Different unidirectional and bidirectional systems for transmitting data between base stations and nodes are known, such as DECT (DECT=Digital Enhanced Cordless Telecommunications) and RFID (RFID=Radio-Frequency Identification). It is typical for these systems that the base station specifies a reference frequency and a reference time with which the participants synchronize. In RFID systems, for example, the reader specifies a time window following immediately after its emission, within which the RFID transponders arbitrary select a time for the response. The specified time interval is additionally divided into timeslots of equal length. This is called a slotted aloha protocol. In DECT, however, time slots are provided within a fixed grid. Here, the base station allocates an exact timeslot to a participant that he may use for communication. Due to the inaccuracy by the quartz tolerance, a buffer time is provided between the timeslots so that the telegrams do not overlap.
DE 10 2011 082 098 B4 describes a battery-operated stationary transmitter arrangement and a method for transmitting a sensor data packet where the sensor data packet is divided into several data packets that are smaller than the actual information that is to be transmitted (telegram splitting). Here, telegrams are divided into several partial packets. Such a partial packet is referred to as hop. In one hop, several information symbols are transmitted. The hops are transmitted on one frequency or distributed across several frequencies (frequency hopping). In between the hops are breaks where no transmission takes place.
Since not only the transmission of data but also the reception of the same entails comparatively high energy consumption, the same system can also be used for the reverse case where data are transmitted from the base station to the node. In this scenario, the energy consumption of the nodes is also to be kept low since the nodes possibly have no constant current supply but practice energy harvesting where the nodes draw energy from the environment (e.g. temperature differences, sunlight, electromagnetic waves etc.) or, as in DE 10 2011 082 098 B4 for transmitting, a battery is available accordingly for receiving which cannot provide the current for the receiver over a sufficiently long time period.
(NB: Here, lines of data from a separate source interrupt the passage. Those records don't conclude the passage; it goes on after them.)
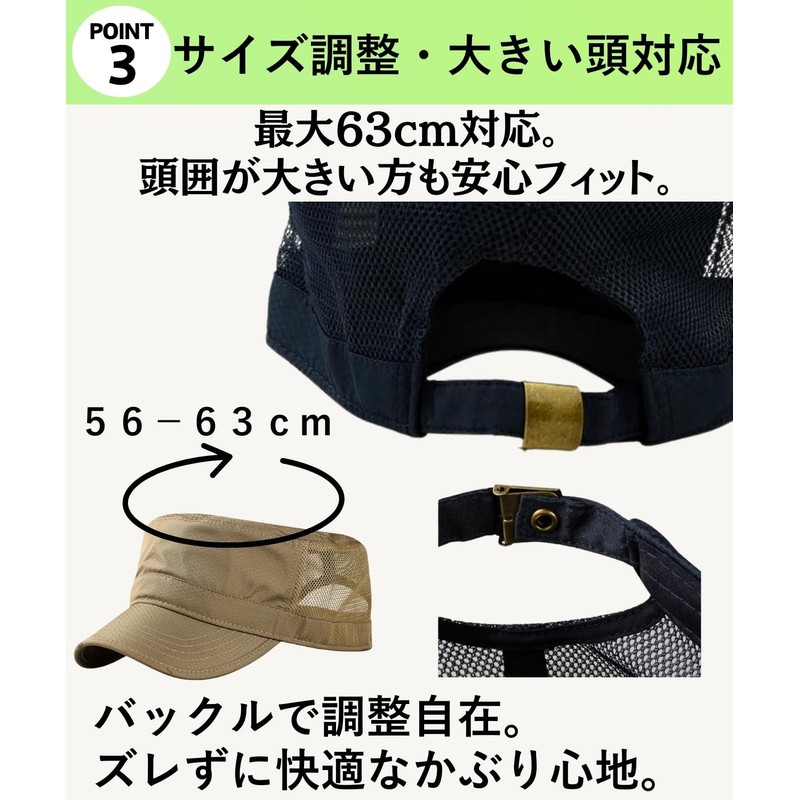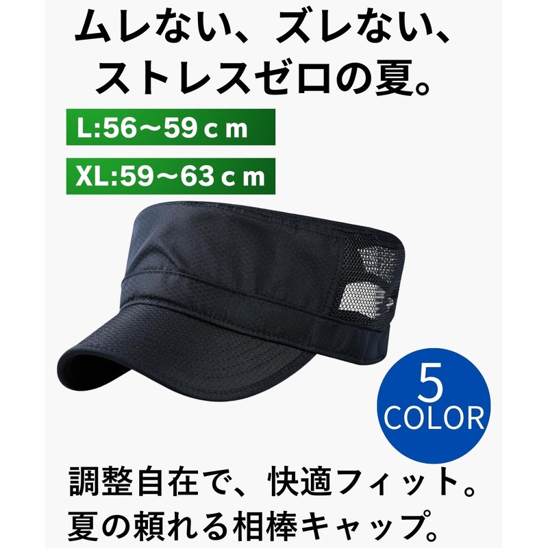 Introducing a mesh type flat top cap that combines comfort and practicality as a must-have item for the hot season. Designed with an emphasis on ventilation, this product is designed to keep you cool and comfortable even when worn for a long time.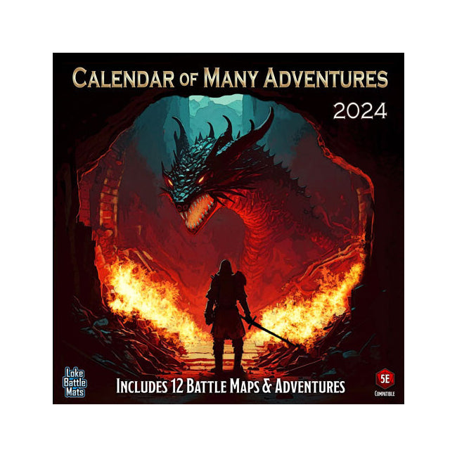 • Wall calendar, one month per page with a 12”x11” battle map for every month and 12 5E adventures to play on them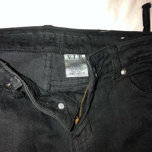 Distressed Skinny leg Black Jeans. The pants height go to just below the ankle. Worn 3 times & one belt loop is ripped. Bought these & they got to small for me.
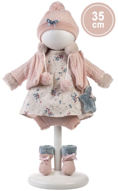 Panenka bez zvuku s měkkým látkovým tělem a s vlásky po celé hlavě, podobající se malé slečně. Velikost 35 cm. Ručně vyrobeno ve Španělsku, baleno v igelitovém obalu. Doporučený věk od 3 let. Tento model je bez oblečení a proto doporučujeme k panence dokoupit originální oblečení z nabídky Llorens pro panenky velikosti 35 cm.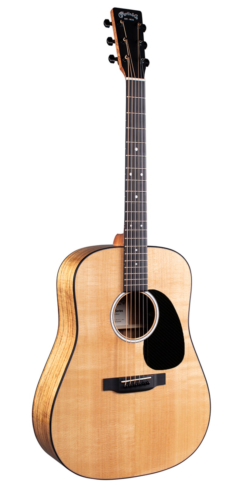 En dreadnought av klassiskt snitt med ett solitt lock i gran och där backstycket och sidorna är tillverkade i koa. Greppbräda, stall är tillverkat i FSC® Certified Richlite® och D12E har en Fishman MX-T preamp med inbyggd stämapparat och kontroller för ton och volym.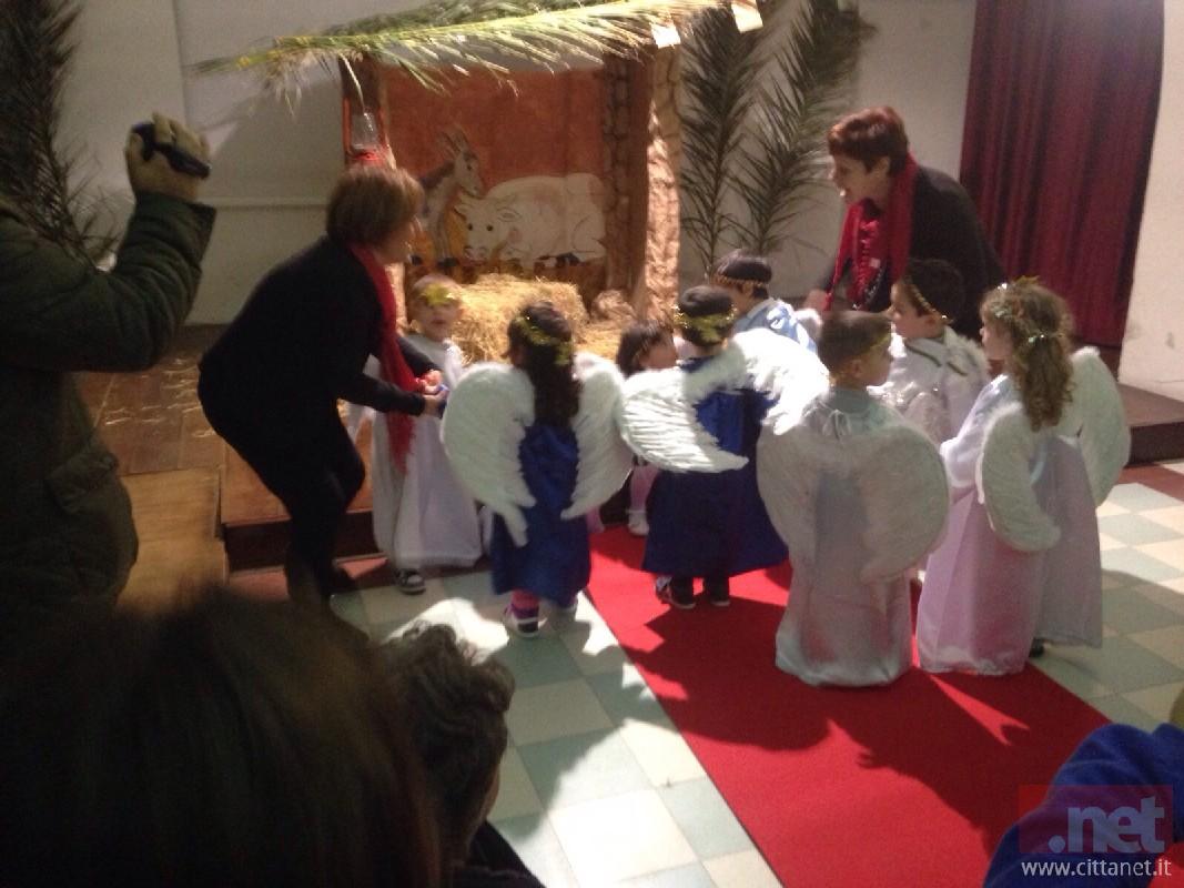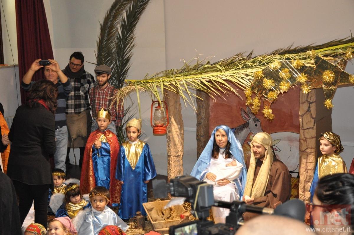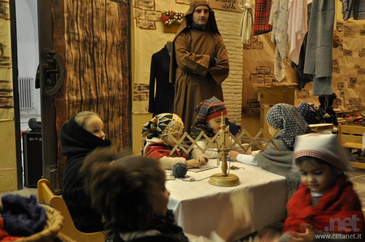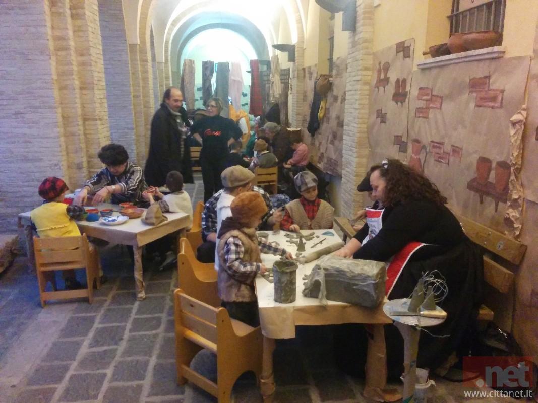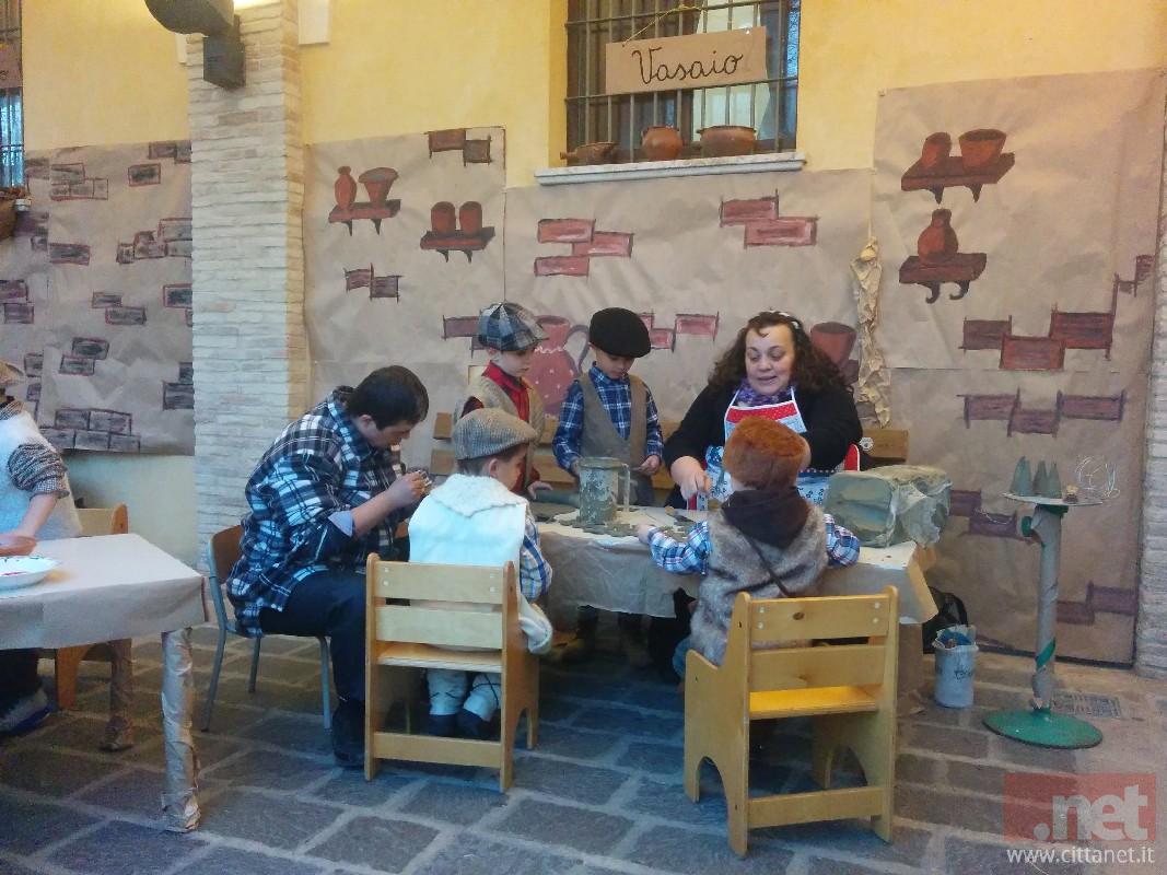 LANCIANO – La bottega dell’ortolano, quella della magliaia, del vasaio, del falegname, del fornaio: non mancava proprio niente nel presepe vivente inscenato da tre classi della Scuola dell’Infanzia Maria Vittoria per festeggiare il Natale di quest’anno.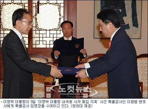 이명박 대통령의 내곡동 사저부지 매입 의혹을 수사할 이광범 특별검사팀이 15일 오전 개청식을 열고 공식 출범했다. 향후 최장 45일간의 수사에서 이 대통령 아들 시형씨 등 사건 관계자의 줄소환이 예상된다.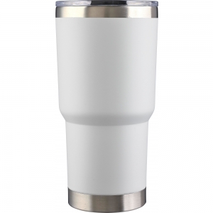 Doppelwandiger, Vakuum Thermobecher aus Edelstahl. Inklusive verschließbarem Deckel mit Trinkschiebeleiste und einem Füllvermögen von 650ml. Ihre Werbung wird auf den Becher graviert.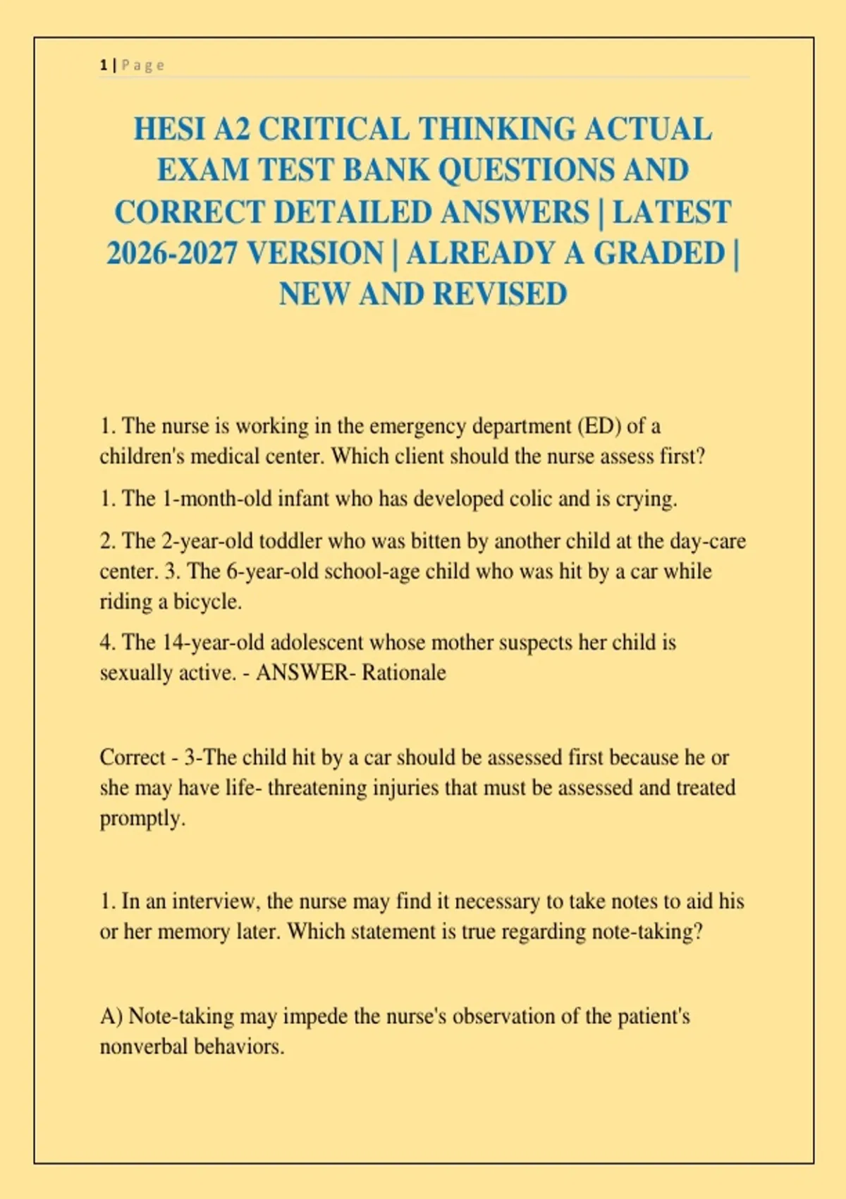 HESI A2 CRITICAL THINKING ACTUAL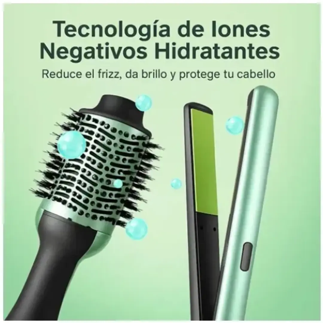 El cepillo eléctrico de pelo te ofrece una experiencia de secado suave, mientras que la plancha es perfecta para lograr un acabado liso y brillante. Ambos dispositivos trabajan en armonía para brindarte un look profesional desde la comodidad de tu hogar. Cada herramienta ha sido cuidadosamente elaborada para garantizar un rendimiento óptimo y una excelente durabilidad.

Apart from energy consumption, costs are also a significant criterion when designing a receiving node. Due to that, mostly very simple radio chips (receiver or transceiver) that have low acquisition costs and can operate in an energy-efficient manner can be found on these nodes. However, due to their simple structure, these radio chips lack the ability of determining detailed information on the quality of the channel or the received data. Also, such radio chips offer no option of providing the information necessitated for calculation to another chip. Additionally, the exact channel analysis in an external controller would also cause significant energy consumption. Normally, these cost-effective receiver chips provide an already demodulated digital bit sequence at their output (=decided bits).